Ver.dis »Schwarz-Buch Lidl« hat in Deutschland einiges Aufsehen erregt. Hat es den Beschäftigten auch Abhilfe verschafft?
Seit dessen Erscheinen vor eineinhalb Jahren sind tatsächlich Verbesserungen festzustellen. Das betrifft die Erfassung und Bezahlung von Überstunden, aber auch die Umgangsformen der Geschäftsleitungen mit dem Personal. Das zeigt: Lidl unter Beobachtung verhält sich anders und besser als unter Ausschluß der Öffentlichkeit. Aber das genügt natürlich bei weitem nicht. Vor allem in punkto Informationsfreiheit, freie ungehinderte gewerkschaftliche Organisation und Wahl von Betriebsräten lassen grundlegende Veränderungen weiter auf sich warten: Nur in vier deutschen Lidl-Filialen sind funktionierende Betriebsräte installiert. Das ist der nach wie vor größte Skandal.
Gab es in dieser Frage schon einmal Gespräche zwischen ver.di und der Lidl-Chefetage?
Weder Konzernchef Dieter Schwarz noch der zweite Mann im Konzern, Klaus Gehrig, haben auf unsere Aufforderung, Verhandlungen über die Bildung von Betriebsräten aufzunehmen, in irgendeiner Weise reagiert. Das betrifft auch unsere aktuelle Forderung, soziale Grundrechte der Beschäftigten zuzusichern. Statt dessen versucht Lidl derzeit, sein angeschlagenes Image mit durchsichtigen PR-Strategien wie dem Angebot von wenigen Bio- und »TransFair«-Produkten aufzumöbeln. Daß nun bei einem Bruchteil des Sortiments Umwelt- und Sozialstandards in der Produktion beachtet werden, taugt längst nicht als Entschuldigung dafür, europaweit die sozialen Rechte Zehntausender Mitarbeiter mit Füßen zu treten.

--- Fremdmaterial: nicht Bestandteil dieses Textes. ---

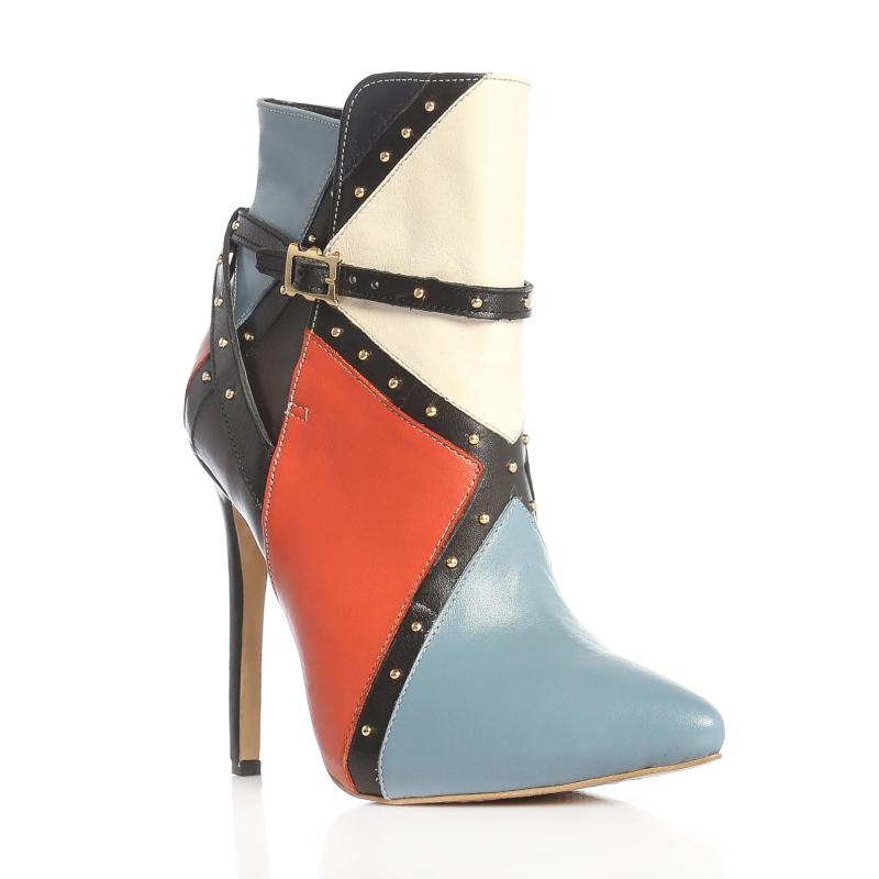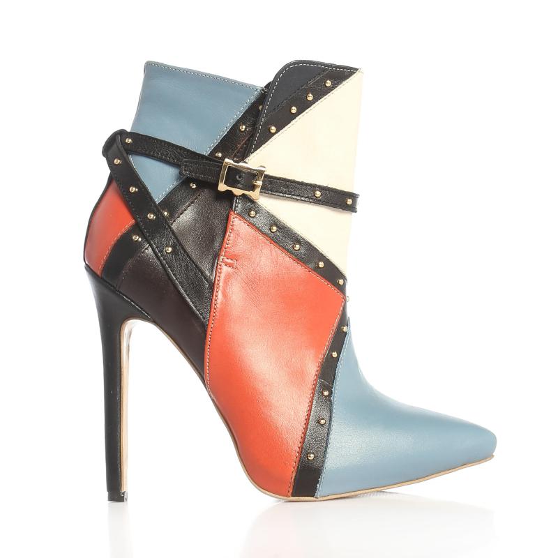 Mavi & Kırmızı & Yeşil & Siyah Deri Pimli Yandan Tokalı Bot(bot-167s)
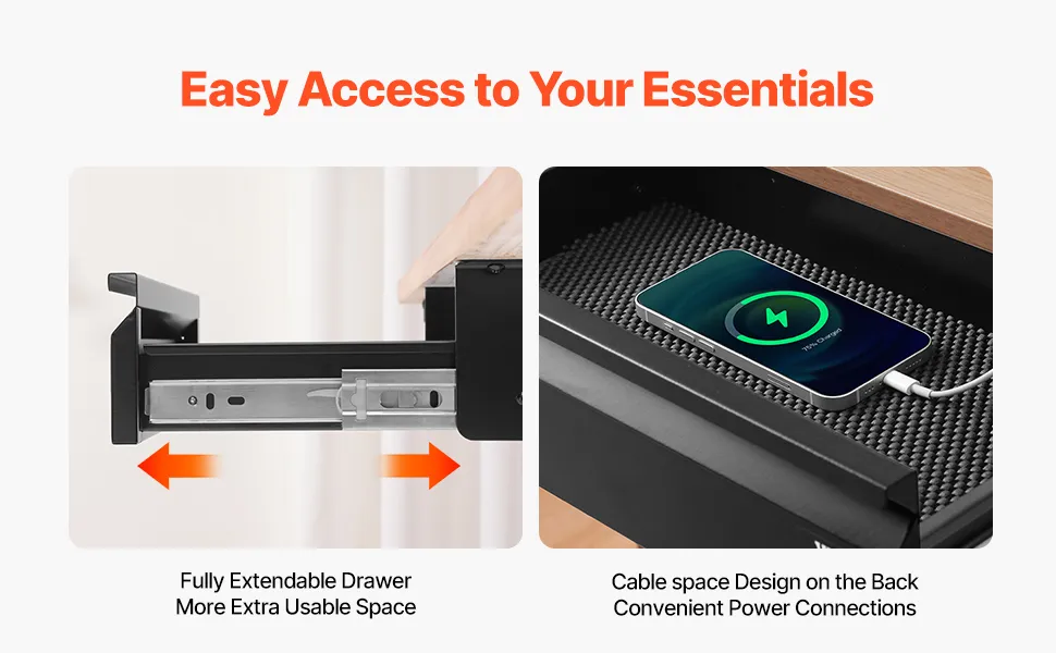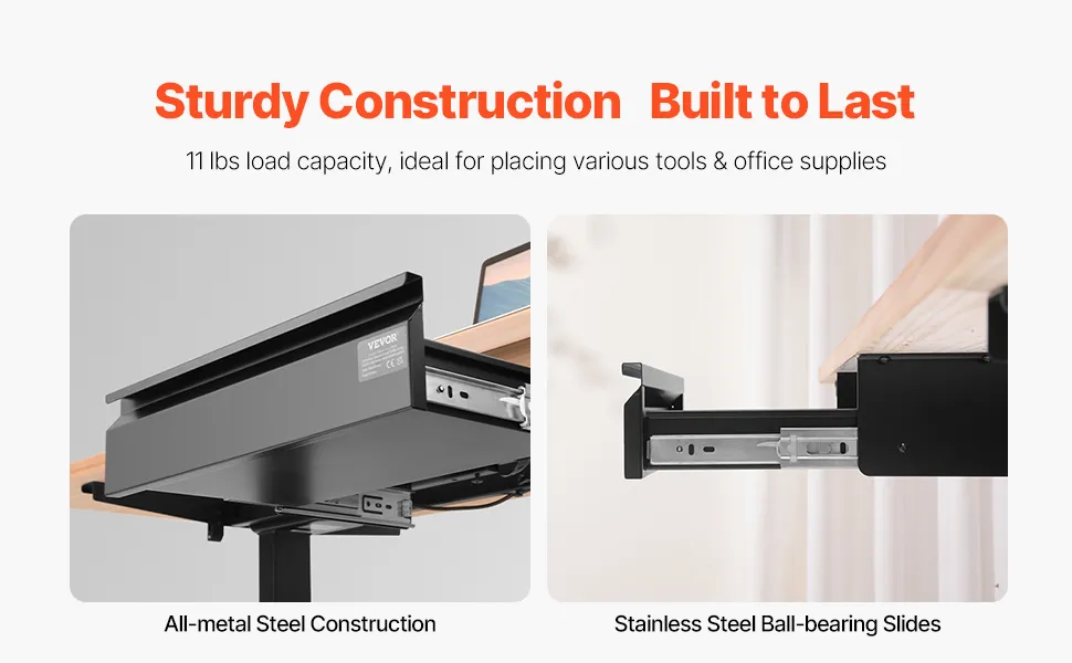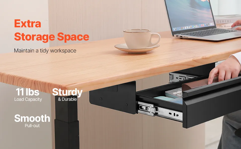 Il cassetto sotto la scrivania offre una capacità di stoccaggio aggiuntiva 4,98 kg, aiutandoti a mantenere il tuo spazio di lavoro ordinato e organizzato. Di' addio alle superfici disordinate e goditi un ambiente di lavoro più organizzato ed efficiente.
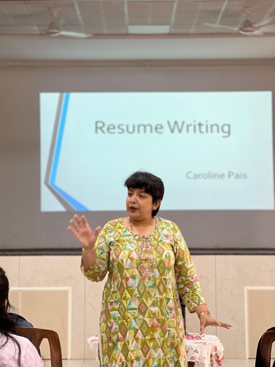 The resource person for the workshop was Ms. Caroline Maria Pais, a Life Skill Facilitator and Advocate. She delivered an insightful and interactive session, covering key aspects of job preparation:
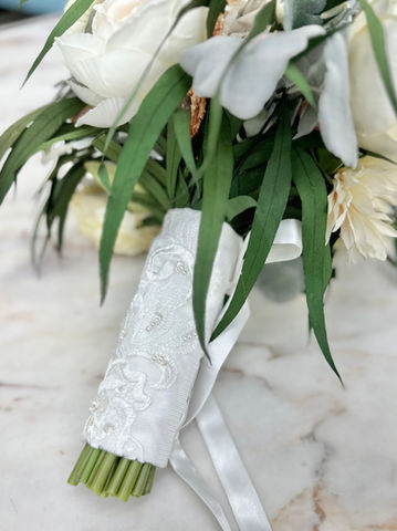Each one is made entirely from your mother’s wedding dress or from alteration scraps of your own. Our signature design includes thoughtful structure and custom lacing that keeps the wrap snug, smooth, and secure. No slipping, bunching, or wrinkling as you handle your bouquet throughout the day.
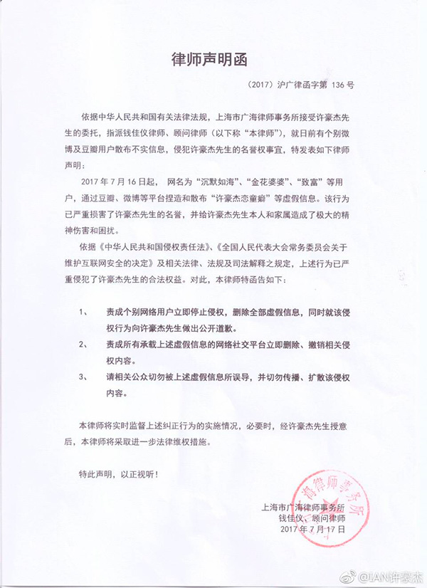 18日下午,许豪杰贴出律师函,称网友“沉默如海”等捏造和散布“许豪杰恋童癖”等虚假信息,责成立即停止侵权。

Sehen Sie nicht die Gefahr, daß andere ähnlich rabiat verfahrende Handelsriesen im Windschatten Ihrer Anti-Lidl-Kampagne ungebührend aufgewertet werden?
Ohne Frage besteht bei den Arbeits- und Lohnbedingungen auch anderer Discounter und Handelsunternehmen zum Teil großer Verbesserungsbedarf. Unsere Kampagne war entsprechend von Beginn an so angelegt, Lidl quasi exemplarisch für eine ganze Branche an den Pranger zu stellen. So hat ver.di beispielsweise auch Aldi oder die Drogeriekette Schlecker im Visier. Andererseits hat sich der Schwarz-Konzern seine hervorgehobene Stellung aber auch »verdient«. In Sachen gewerkschafts- und betriebsratsfeindlicher Unternehmenspolitik ist Lidl einfach die »Nummer eins« in Deutschland.